August 16, 2016 By Larry Loeb 2 min read

Symantec’s Blue Coat security firm recently announced some worrying trends regarding the use of SSL by malware. Specifically, the company discovered two major trends.

To start, the number of malware samples increased to more than 29,000 in November and December 2015, up from only 500 per month before October 2015. Additionally, the number of C&C servers using SSL increased to 200,000 per quarter in Q3 2016, up from 1,000 in Q1 2015.

Huge Spike in Malware Samples Using SSL

Blue Coat noted that it had discovered a significant jump in SSL deployment since the end of 2015. The firm studied data from the SSL Blacklist site, which monitors bad SSL certificates often used by cybercriminals.

Malware such as Dridex, Gozi, Tinba, Gootkit, CryptoWall, CryptoLocker, TeslaCrypt, URLZone and Shylock are known to use SSL to protect their operations from observation or detection.

Blue Coat explained that, starting in October 2015, the malware families known to utilize SSL saw a “rapid and dramatic surge in distribution and usage.” The firm posited that the spike, which coincided with the holiday season, may have been due to the launch of several large-scale cybercrime campaigns with infrastructure based on those malware families.

The trend, according to Blue Coat, exemplifies the widespread use of SSL/TLS as an obfuscation technique, “making the threat even more relevant than ever.”

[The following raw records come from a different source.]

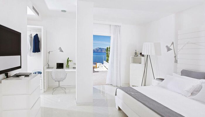La Suite Junior de 60 m2 est notre retraite la plus exclusive et la suite qui représente le mieux notre philosophie. Située au dernier étage, la Suite Junior profite de sa position élevée, offrant de superbes vues sur la mer depuis presque tous les angles de la chambre. Son intérieur tout blanc contrebalance parfaitement les couleurs vives du paysage extérieur et prête au lieu un sentiment despace et daération épurée. La suite a sa propre terrasse de 30 m2, meublée dune table, de chaises, de chaises longues et de parasols pour que les invités puissent prendre un bain de soleil ou dîner al fresco en toute intimité. La suite dispose également dune très grande salle de bain, équipée dune baignoire du designer Français Philippe Starck, ainsi que dune douche séparée. A lintérieur, vous trouverez un lit king-size généreusement proportionné, un bureau bien éclairé, une télévision à écran plat, une station iPod, un lecteur de DVD et une machine à café Nespresso. Les invités qui séjournent dans la Suite Junior auront également accès à leur propre Apple MacBook Air et au Wi-Fi gratuit pour la durée de leur séjour. Léclairage de la chambre peut être ajusté à la préférence des invités, grâce aux panneaux de contrôle tactiles simples à utiliser.
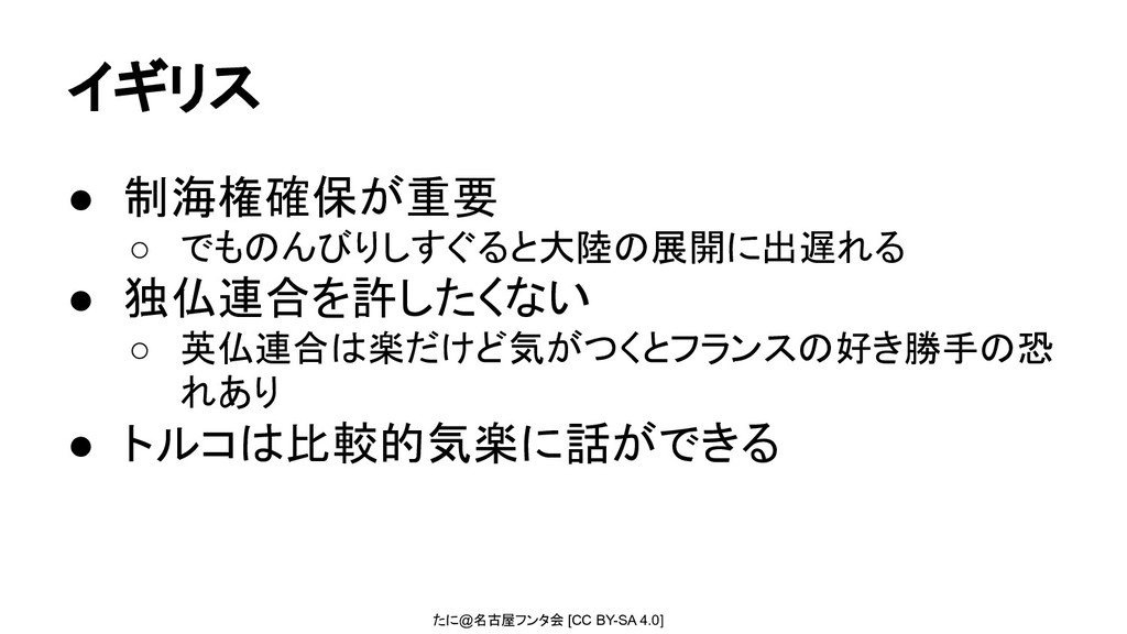 たに@名古屋フンタ会 [CC BY-SA 4.0] イギリス • 制海権確保が重要 ◦ でものんびりしすぐると大陸の展開に出遅れる •
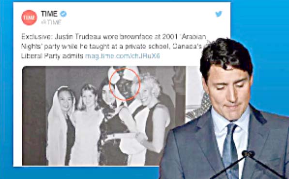 ٭ مشہور میگزین ٹائم کو حاصل ایک تصویر میں دیکھا جا سکتا ہے کہ کناڈا کے وزیراعظم جسٹن ٹروڈو نے اسکول کی ایک تقریب میں ’براؤن فیس‘ کاسٹیوم پہنا ہوا

Cybercriminals Get Proactive

During the same time frame as the increase in SSL C&C servers — January 2014 through December 2015 — the firm found that overall monthly malware occurrences were roughly stable, with just a slight upward trend. Comparing the two, Blue Coat found no single large-scale trend of rising malware use that would account for the growth in the SSL C&C method.

The firm also noted the timing of the increase in C&C servers came earlier than the appearance of associated malware, Softpedia stated. This is consistent with the idea of the bad guys building up a C&C framework in advance of launching a campaign for the holiday season. Indeed, the massive jump in C&C servers can be attributed to the malware utilizing domain generating algorithms (DGA) for short-living domains to build out a C&C infrastructure.

Whatever the reasons for this spread of this technique, however, malware is adopting SSL cloaking at an alarmingly high rate.